Whenever politicians spout high and hallowed tributes to America's greatness, we must remember the shadow side of this grand democratic experiment. Writer and director Tim Robbins (Bob Roberts, Dead Man Walking) has created a sprawling portrait of New York City in 1937, a time in the midst of the Depression when the gap between the rich and the poor was wide and deep. Unions took up the cause of the downtrodden while big industrialists found new ways to make money. And on the political front, right-wingers began their crusade against Communists.

This drama mixes a wide crosscut of historical personages with fictional characters. At the hub of the proceedings is the story of how director Orson Welles (Angus Macfadyen) and producer John Houseman (Cary Elwes) of the Federal Theatre Project tried to mount a controversial musical about prostitution and strikes written by Marc Blitzstein (Hank Azaria). Olive Stanton (Emily Watson), a poverty stricken young woman, wins the lead role in the musical, thanks to the intervention of actor John Adair (Jamey Sheridan). Aldo Silvano (John Turturro) is thrilled to be acting in this production, especially since his well-to-do Italian relatives have cut him off due to anti-fascist sentiments.

In another part of town, Margherita Sarfatti (Susan Sarandon), an Italian propagandist, is busy trying to raise funds for Mussolini. She pulls off a deal with Gray Mathers (Philip Baker Hall), a steel magnate whose independent wife, the Countess La Grange (Vanessa Redgrave), spends all her time at the theatre. Meanwhile Nelson Rockefeller (John Cusack) is enraged by the politically radical mural painted by Diego Rivera (Ruben Blades) in the new lobby of Rockefeller Center.

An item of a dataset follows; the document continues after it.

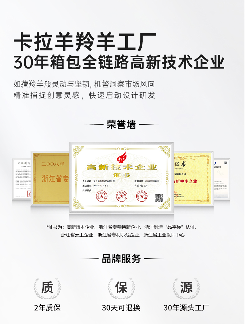 - 浙江卡拉扬集团有限公司专注箱包27年,旗下有卡拉羊和9UM两大品牌,有浙江海宁和江苏沭阳两大工厂,拥有多项知识产权,是集智能化、设计生产、品牌营销为一体的综合型企业。
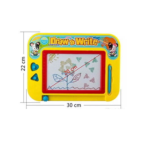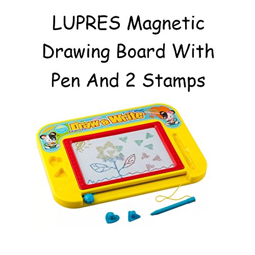 Studio : LUPRES Publisher : LUPRES Binding : Toy Product Description Functions and Play ways: Kids always love to sketch on the drawing board for hours. LUPRES magnetic drawing board is a wonderful replacement for traditional painting paper and is designed with easy slide eraser, which allows you to wipe out the doodles in seconds and start a new doodle creativity quickly. Also, colorful magnetic powder makes the drawing much vivider when the kids draw it, also helps kids with color recognition ability. Just choose LUPRES magnet drawing board to make your kids drawing easier and funnier! A satisfaction guarantee you: If you ever have any issue with your LUPRES magnetic drawing toys for kids, you can contact us for a refund or a replacement product. Specifications: - Board color: yellow

The most heroic figure in Cradle Will Rock is Hallie Flanagan (Cherry Jones), the energetic and intelligent head of the Federal Theatre Project. Since it is part of the WPA (Works Projects Administration) funded by the government to create jobs, she comes under the grilling of a congressional committee headed by Representative Martin Dies (Harris Yulin). He is on a hunt for Communists in the arts world. His paranoia is shared by Hazel Huffman (Joan Cusack), a clerk in the WPA, and Tommy Crickshaw (Bill Murray), a vaudeville ventriloquist.

Cradle Will Rock has the same liberal perspective as Ragtime, another ambitious, episodic, and thought-provoking canvas of an era filled with incisive social commentary. Milos Forman, the director of that 1981 film said: "You want to make people laugh and entertain them. On the other hand, you want to be part of the cleansing process of the human soul." Let's salute Tim Robbins for having the chutzpah to bring to the screen a film that cuts to the quick with its portrait of the shadow side of America where fear, greed, racial hatred, and power stifle those who believe in creativity and a fair share for all.